De jongeman loopt alleen, snel maar niet snel genoeg, ver maar niet ver genoeg {gezichten uit het zicht glijden, paden in gescheurde restjes, voetstappen tikken fainner in steegjes}; Hij moet de laatste metro, de tram, de bus, de gangplanken van alle stoomboten vangen, zich registreren bij alle hotels, in de steden werken, de Wantads beantwoorden, de transacties leren, de banen opnemen, in alle kosthuizen live, in alle bedden slapen. Eén bed is niet genoeg, één baan is niet genoeg, één leven is niet genoeg. 'S Nachts zwemt hij met wensen, hij loopt alleen alleen.
(The young man walks by himself, fast but not fast enough, far but not far enough {faces slide out of sight, talk trails into tattered scraps, footsteps tap fainter in alleys}; he must catch the last subway, the streetcar, the bus, run up the gangplanks of all the steamboats, register at all the hotels, work in the cities, answer the wantads, learn the trades, take up the jobs, live in all the boardinghouses, sleep in all the beds. One bed is not enough, one job is not enough, one life is not enough. At night, head swimming with wants, he walks by himself alone.)

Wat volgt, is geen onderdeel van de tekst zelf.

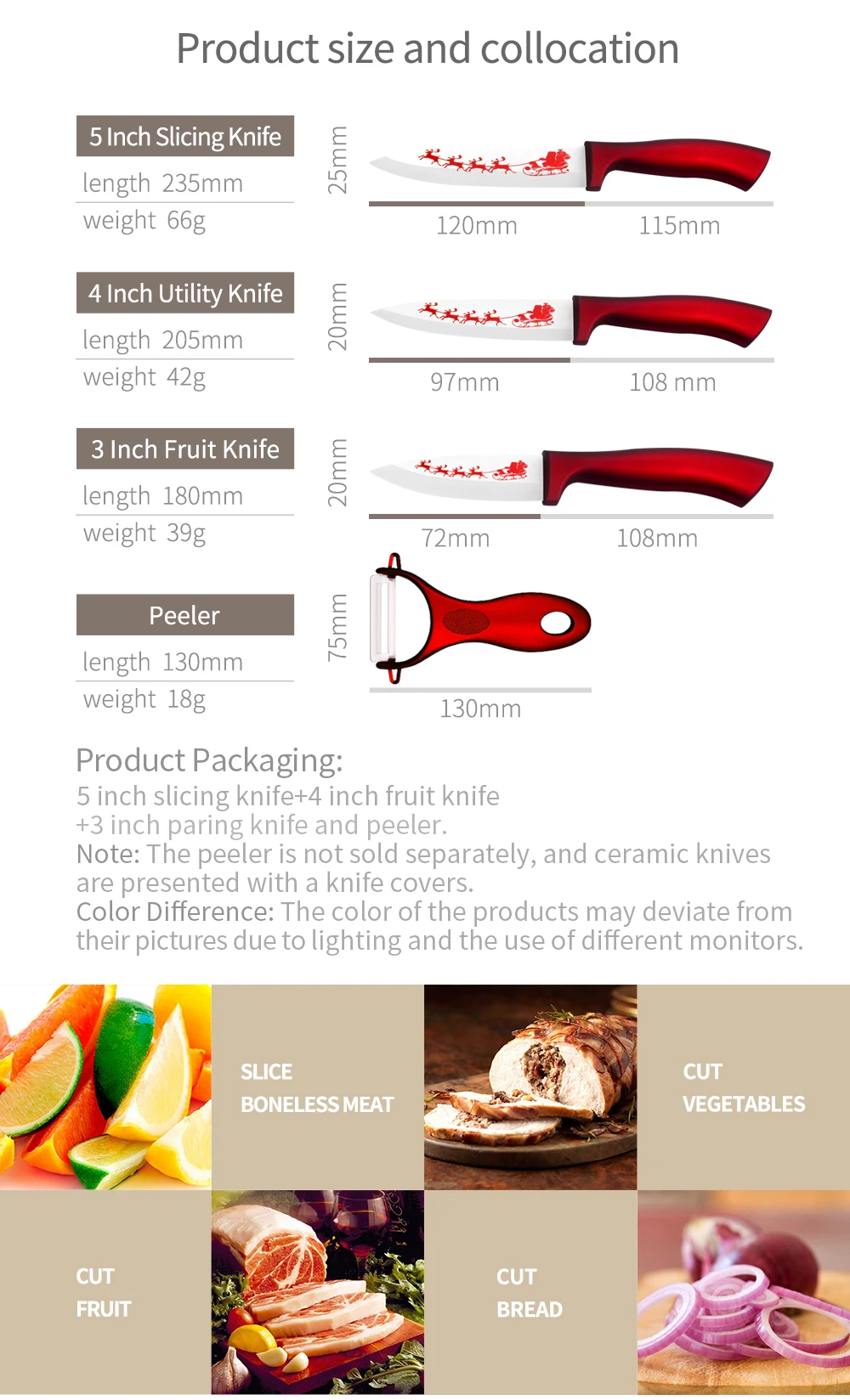 Packaging Includes:3" Paring 4" Utility 5"Slicing Knife&Peeler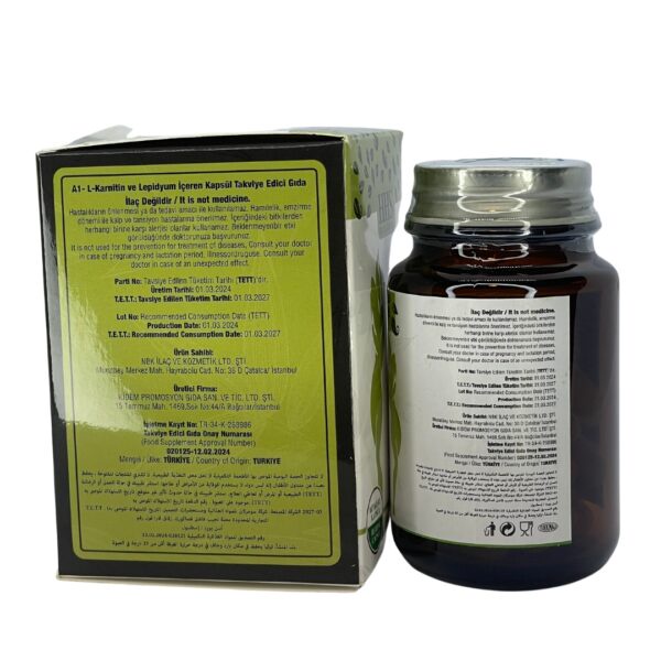 5.تحفيز التمثيل الغذائي: تساعد الكبسولات على تعزيز التمثيل الغذائي بفضل خصائص الكارنتين والليبيديوم، مما يزيد من سرعة حرق السعرات الحرارية.
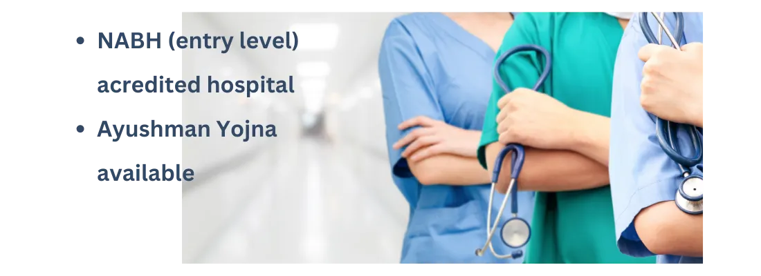 A 30-bedded hospital, authorized under Ayushman Yojana, entry level NABH accredited & tie up with various TPAs

De jonge man wordt afgebeeld als een eenzame figuur in een bruisende stedelijk landschap, die snel beweegt maar zich onvoldoende voelt in zijn tempo en afstand. Hij haast zich om verschillende vormen van transport te vangen, navigeren door een stadsleven vol met vluchtige interacties en vervagende geluiden. Zijn reis weerspiegelt een bredere zoektocht naar vervulling, terwijl hij haastig zijn ambities achtervolgt te midden van de anonimiteit van de straten.
Gedreven door een gevoel van urgentie en een verlangen naar meer, herkent hij dat één baan, één bed of één leven niet voldoende is om zijn verlangens te bevredigen. Terwijl de nacht valt, bevindt hij zich alleen, worstelen met zijn ambities en het gewicht van zijn onvervulde wensen. Dit benadrukt de strijd om betekenis te zoeken in een tijdelijke wereld, waar verbindingen tijdelijk zijn en echte voldoening ongrijpbaar blijft.